→ **THE TASK**
Take nothing but the lines from the one with "Büyükbaş hayvanlar gölette serinledi" through the one with "كل ريال تنفقه" in the entries below, both ends kept, and return them exactly with pictures left out.

→ **DATA TO USE**
◇ ◇ ◇
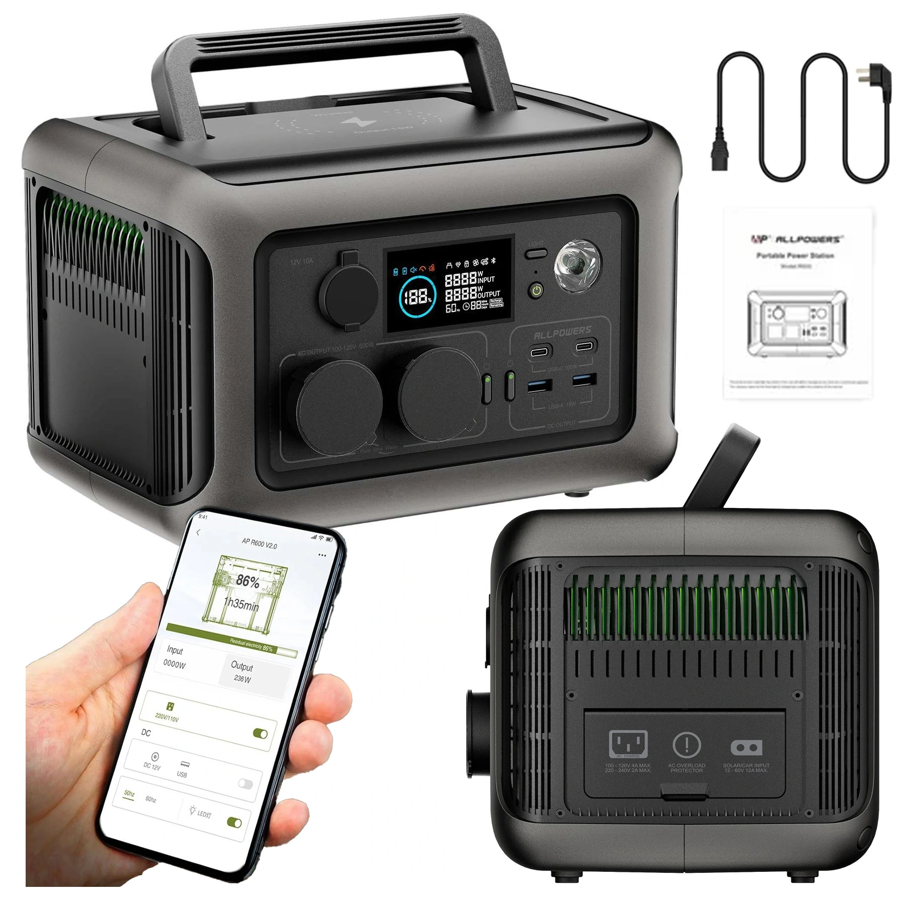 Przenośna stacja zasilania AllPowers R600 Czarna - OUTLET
◇ ◇ ◇
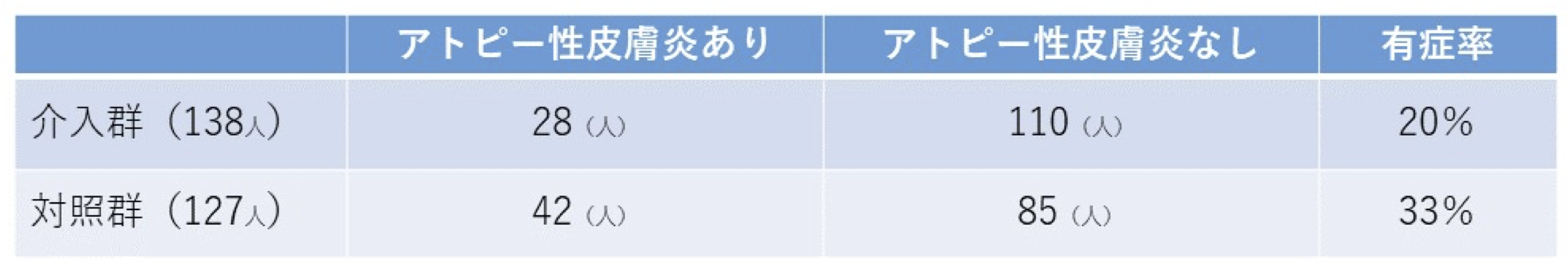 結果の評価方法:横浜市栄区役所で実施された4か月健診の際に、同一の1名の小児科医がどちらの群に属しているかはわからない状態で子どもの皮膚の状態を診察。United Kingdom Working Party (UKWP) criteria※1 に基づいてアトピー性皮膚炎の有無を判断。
◇ ◇ ◇
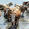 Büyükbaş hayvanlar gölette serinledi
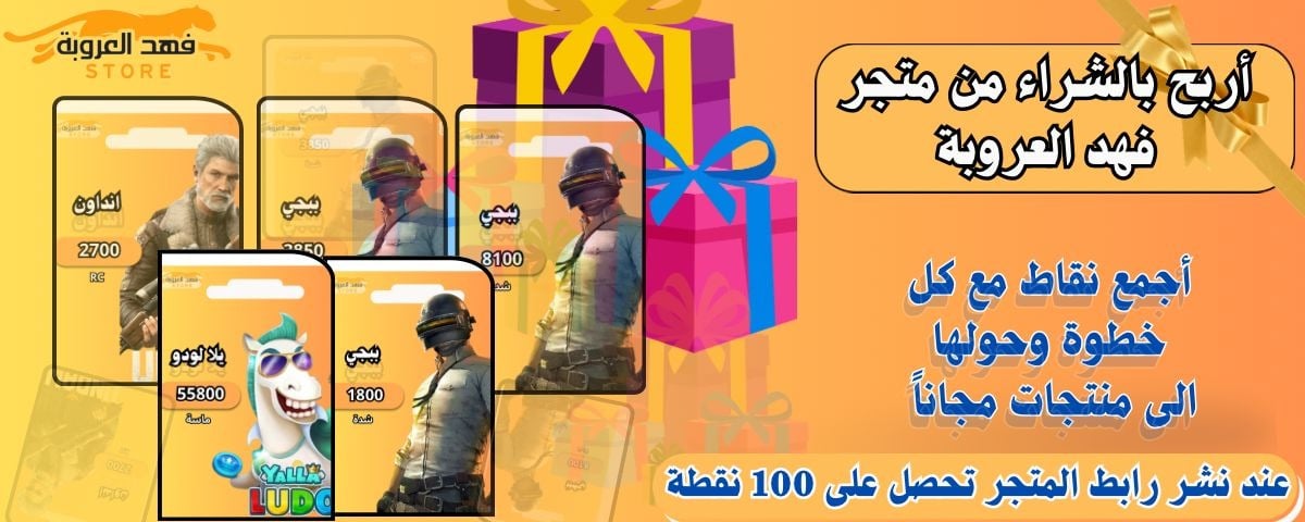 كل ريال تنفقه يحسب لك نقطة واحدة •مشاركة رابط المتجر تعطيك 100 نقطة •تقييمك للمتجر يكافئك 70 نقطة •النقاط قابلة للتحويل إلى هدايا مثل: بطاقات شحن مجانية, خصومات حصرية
◇ ◇ ◇
→ **RESULT OF THE TASK**
 Büyükbaş hayvanlar gölette serinledi
 كل ريال تنفقه يحسب لك نقطة واحدة •مشاركة رابط المتجر تعطيك 100 نقطة •تقييمك للمتجر يكافئك 70 نقطة •النقاط قابلة للتحويل إلى هدايا مثل: بطاقات شحن مجانية, خصومات حصرية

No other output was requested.